#### [Brief]
Find, in the records below, the line that contains "Men's #11 Blue" and the line that contains "Ensemble robe rose/gris". Copy those two lines and everything between them exactly, but not the pictures.

#### [Provided entries]
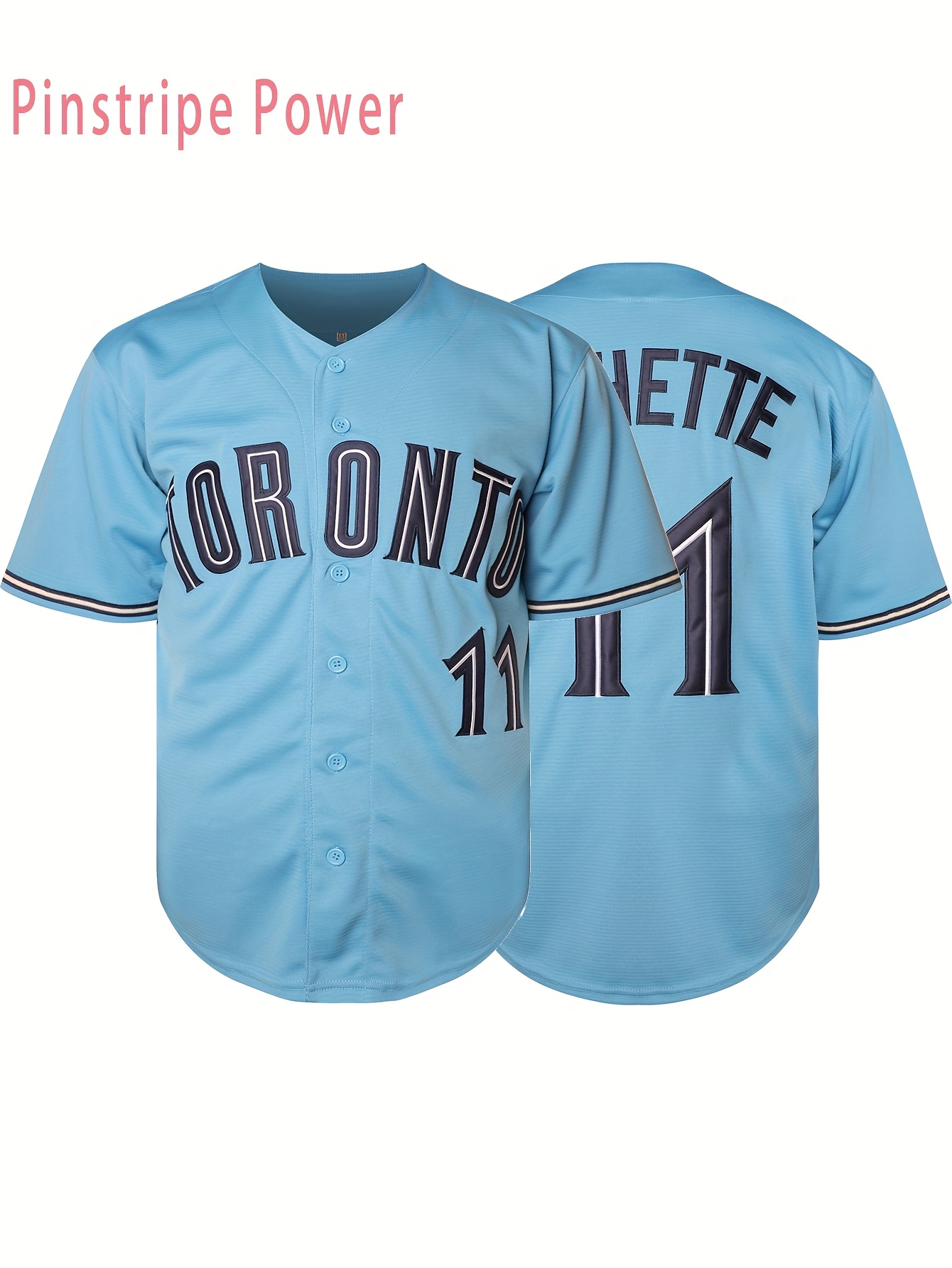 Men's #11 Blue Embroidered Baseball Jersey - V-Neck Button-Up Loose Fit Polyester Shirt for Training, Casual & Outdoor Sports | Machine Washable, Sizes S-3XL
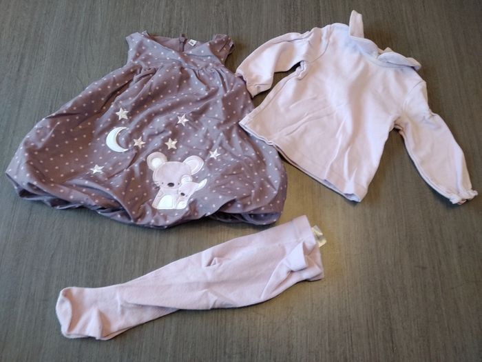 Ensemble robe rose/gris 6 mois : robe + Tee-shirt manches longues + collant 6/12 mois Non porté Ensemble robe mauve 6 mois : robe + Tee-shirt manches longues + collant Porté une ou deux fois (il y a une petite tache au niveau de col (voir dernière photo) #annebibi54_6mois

---

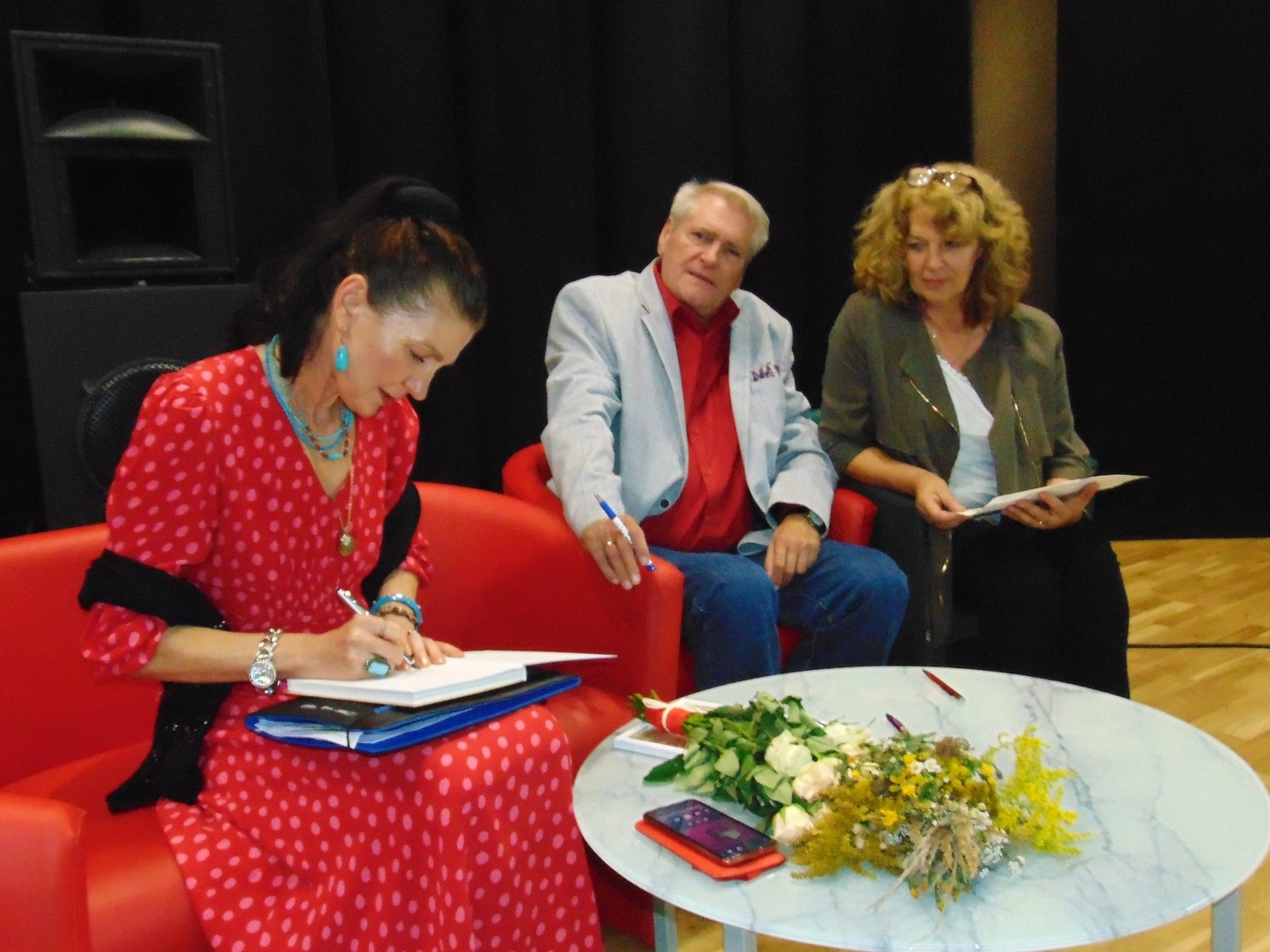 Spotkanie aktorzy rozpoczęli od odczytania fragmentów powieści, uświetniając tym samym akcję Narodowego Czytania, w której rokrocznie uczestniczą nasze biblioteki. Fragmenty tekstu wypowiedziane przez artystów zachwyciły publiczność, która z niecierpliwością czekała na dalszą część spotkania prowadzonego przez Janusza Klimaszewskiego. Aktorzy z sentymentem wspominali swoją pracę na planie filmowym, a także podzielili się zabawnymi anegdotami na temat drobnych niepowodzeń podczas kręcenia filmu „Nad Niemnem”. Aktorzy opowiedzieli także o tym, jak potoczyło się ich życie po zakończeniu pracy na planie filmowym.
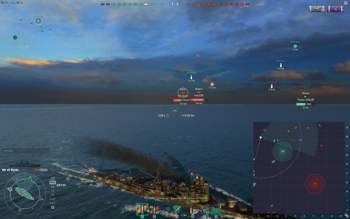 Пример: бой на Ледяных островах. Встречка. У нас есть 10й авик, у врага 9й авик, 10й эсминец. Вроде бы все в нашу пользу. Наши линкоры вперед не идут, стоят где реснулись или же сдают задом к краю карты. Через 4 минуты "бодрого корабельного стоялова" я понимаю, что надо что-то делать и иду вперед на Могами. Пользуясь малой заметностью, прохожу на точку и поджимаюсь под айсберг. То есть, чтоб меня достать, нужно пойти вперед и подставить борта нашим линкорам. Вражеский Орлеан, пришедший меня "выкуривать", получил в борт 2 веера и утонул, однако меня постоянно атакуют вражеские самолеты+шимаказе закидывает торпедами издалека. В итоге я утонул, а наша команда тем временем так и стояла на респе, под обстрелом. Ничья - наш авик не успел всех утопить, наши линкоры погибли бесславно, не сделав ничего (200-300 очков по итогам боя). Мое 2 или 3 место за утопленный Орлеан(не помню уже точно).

---

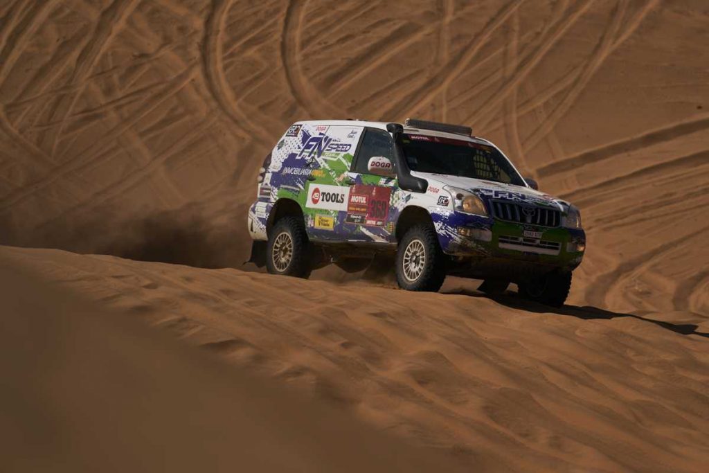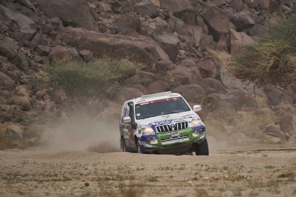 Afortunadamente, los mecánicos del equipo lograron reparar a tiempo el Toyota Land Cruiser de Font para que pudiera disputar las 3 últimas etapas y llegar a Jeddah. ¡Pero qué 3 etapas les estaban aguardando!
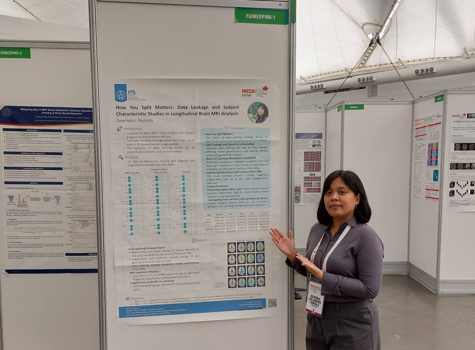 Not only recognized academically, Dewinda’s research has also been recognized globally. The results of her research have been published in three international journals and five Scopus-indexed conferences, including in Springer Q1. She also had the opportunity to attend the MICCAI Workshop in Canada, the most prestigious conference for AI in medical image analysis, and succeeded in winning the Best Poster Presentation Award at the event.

#### [Answer box]
 Men's #11 Blue Embroidered Baseball Jersey - V-Neck Button-Up Loose Fit Polyester Shirt for Training, Casual & Outdoor Sports | Machine Washable, Sizes S-3XL
 Ensemble robe rose/gris 6 mois : robe + Tee-shirt manches longues + collant 6/12 mois Non porté Ensemble robe mauve 6 mois : robe + Tee-shirt manches longues + collant Porté une ou deux fois (il y a une petite tache au niveau de col (voir dernière photo) #annebibi54_6mois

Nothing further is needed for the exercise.